The agriculture sector must be protected from the adverse effects of climate change. It must be made more resilient if it is to become a bastion of national and regional food security.
REGIONAL FOOD SECURITY
Guyana, as a member of Caribbean Community, is committed to the establishment of a Caribbean Single Market and Economy. This country, in this regard, is unreservedly committed to advancing the principles and policies published in:
– Caribbean Community Agricultural Policy (2011);
– CARICOM Agribusiness Development Strategy of 2012;
– CARICOM Regional Food and Nutrition Security Policy (2010), and Action Plan (2011); and the
– Liliendaal Declaration on Agriculture and Food Security of 2009.
The Caribbean Community, taken as a whole, has the land, labour, market and money to provide ‘food for all’ of its citizens. The states of the Caribbean Community, taken together, exceed the Kingdom of Sweden which is over 450,000 km² in land area.
The Caribbean Community can ensure greater food security by helping to reduce its mammoth food import bill of more than US$4 billion per year. The Caribbean Community’s Agricultural Policy (CAP) which proposes measures to “improve the resilience of the Region’s national communities and households to natural and socio–economic crises” – one which can ensure regional food security is established on a sturdy tripod:
· Investment: The Caribbean Community must heed CAP’s calls for increased investment in the agri-food sector.
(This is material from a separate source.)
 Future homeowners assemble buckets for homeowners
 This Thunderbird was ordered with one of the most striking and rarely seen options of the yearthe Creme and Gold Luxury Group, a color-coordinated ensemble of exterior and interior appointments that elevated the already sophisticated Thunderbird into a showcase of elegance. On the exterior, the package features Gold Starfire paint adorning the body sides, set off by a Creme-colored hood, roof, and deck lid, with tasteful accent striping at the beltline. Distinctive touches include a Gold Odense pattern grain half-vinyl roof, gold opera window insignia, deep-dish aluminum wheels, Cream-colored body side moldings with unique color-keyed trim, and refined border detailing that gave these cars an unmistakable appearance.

Increased investment can expand production in existing and neglected cultivation areas along our coastland which remains the bedrock of this country’s agricultural production.
The region must attract increased international investment to promote inland agriculture in order to reduce the sector’s vulnerability to coastal climate-related shocks and to improve food security and employment.
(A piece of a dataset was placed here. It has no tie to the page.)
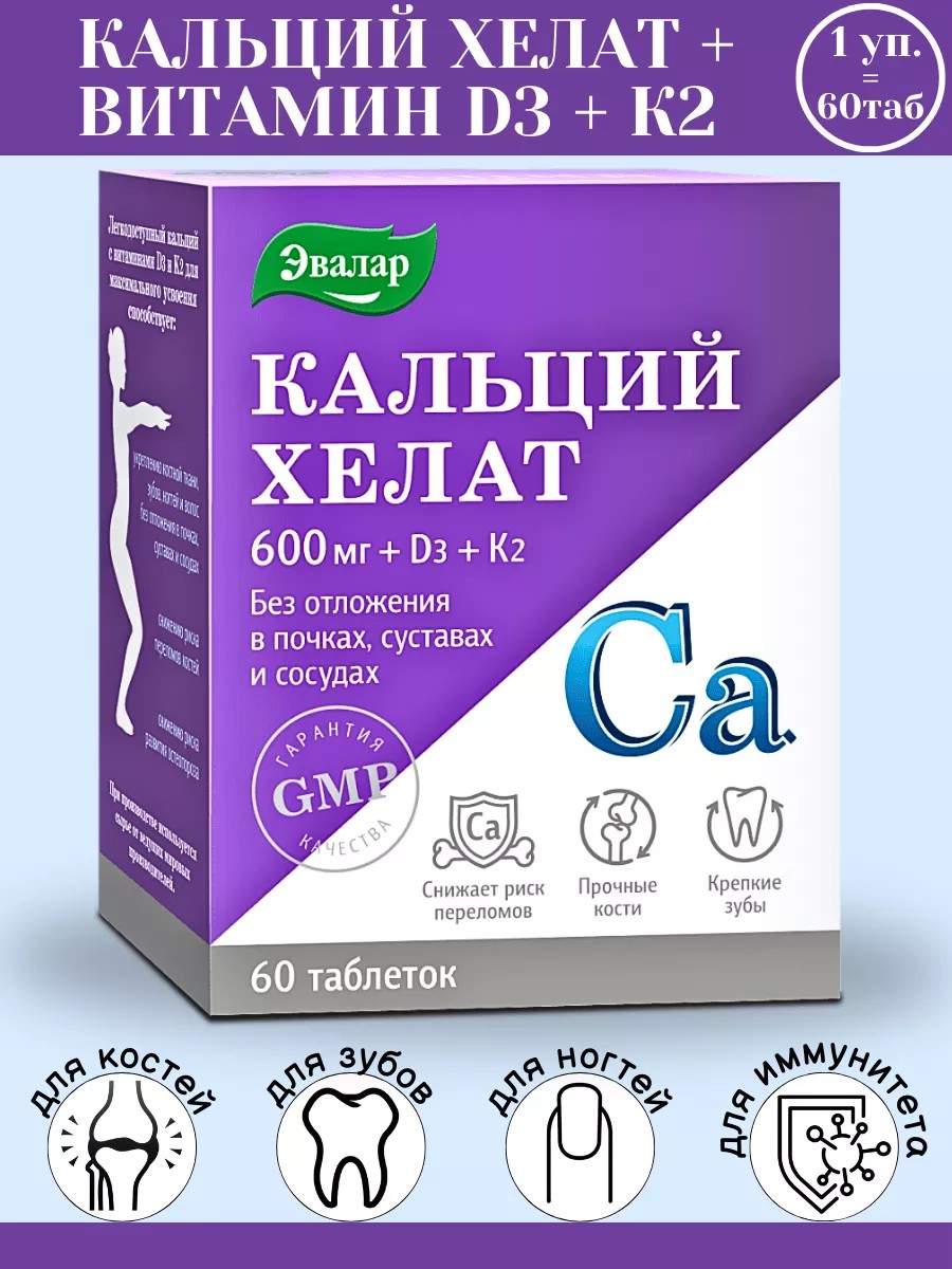Кальций хелат Эвалар – дополнительный источник кальция, усиленный витаминами D3 и К2.
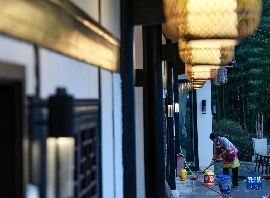 團結村村民在打掃民宿的衛生(2月2日攝)。仁遵高速通車(chē)后,大量游客來(lái)到團結村觀(guān)光旅游。

Agricultural sectors tend to be concentrated near to the coast which makes them vulnerable to rising sea levels and extreme weather. Coastal agriculture must be made more resilient and competitive through investments in climate adaptation infrastructure such as improved sea defences and improved drainage and irrigation and weather forecasting systems.
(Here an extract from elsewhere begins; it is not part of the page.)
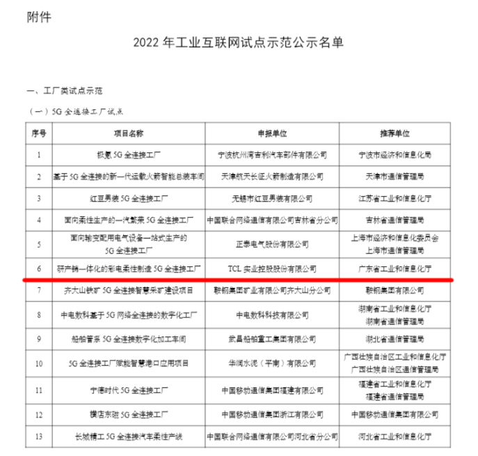日前,中國工業(yè)部和信息化部公示了2022年工業(yè)互聯(lián)網(wǎng)試點示范名單,TCL實業(yè)以“研產(chǎn)銷一體化的彩電柔性制造5G全連接工廠”項目建設(shè)成功入選國家“5G全連接工廠”,全國全行業(yè)僅33家獲此殊榮,全國智能家電行業(yè)更是只此一家。
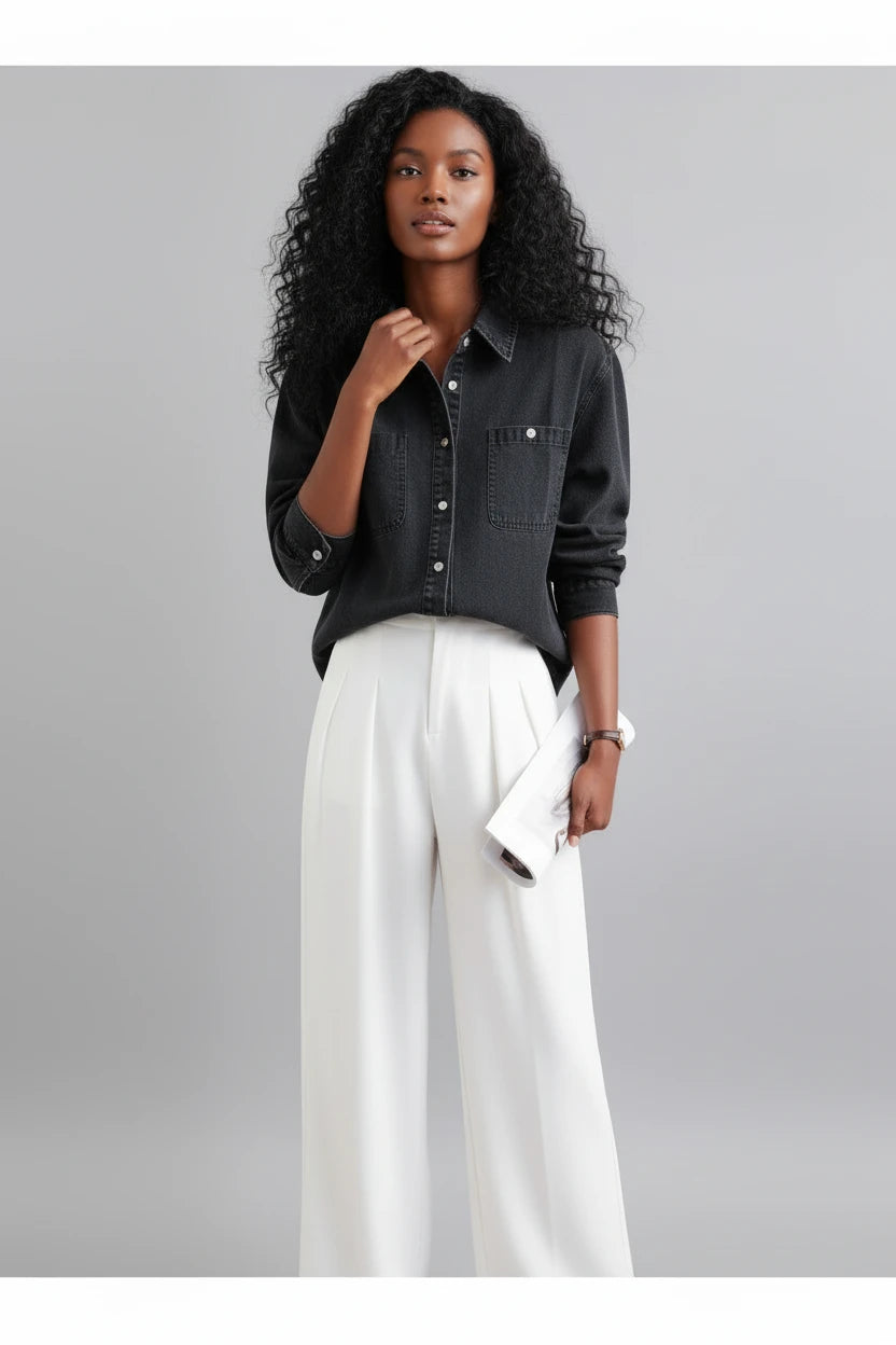 Czarna Cienka Koszula Jeansowa Damska – Streetwear Retro z Długim Rękawem

· Innovation: The Caribbean Community must ensure the development of a more competitive and diversified agricultural sector. The CAP calls for “adapting, developing and applying innovation and technologies across value chains.”
Innovation in agriculture can be promoted through diversification, value–added production and by shifting to the production increasingly towards satisfying export demand. Investments must be made in new technologies, including high-yielding crop varieties, aimed at improving yields and reducing costs.
· Agro-industry: Agro-industry, that is the production, processing and packaging of food, using modern equipment and methods on a large-scale – is a key element of the strategy to ensure food security. It does so by reducing food imports thereby making more local food available in processed form.
Agro-processing adds value to food production. It enhances food security by stimulating increased demand for food production, by reducing crop losses resulting from spoilage and by diminishing food scarcity.
Agro-processing advances food security by raising farmers’ incomes, reducing poverty and increasing employment. Agro-processing enables countries to increase food exports while reducing market uncertainties associated with primary commodities.
The Food and Agricultural Organization of the United Nations has noted that urban consumers who account for 70 per cent of global food consumption are shifting towards greater use of higher value dairy products, eggs, fish, fruits, meat, processed foods and vegetables.
Guyana, also, must shift its production patterns to satisfy market demand. This country must align its agricultural production to market demands in local, national, regional and international markets.
This country’s agricultural sector will remain a mainstay of our economy. It is through increased investment, innovation and intensification of agro-industrial development that the agricultural sector will guarantee national and regional food security.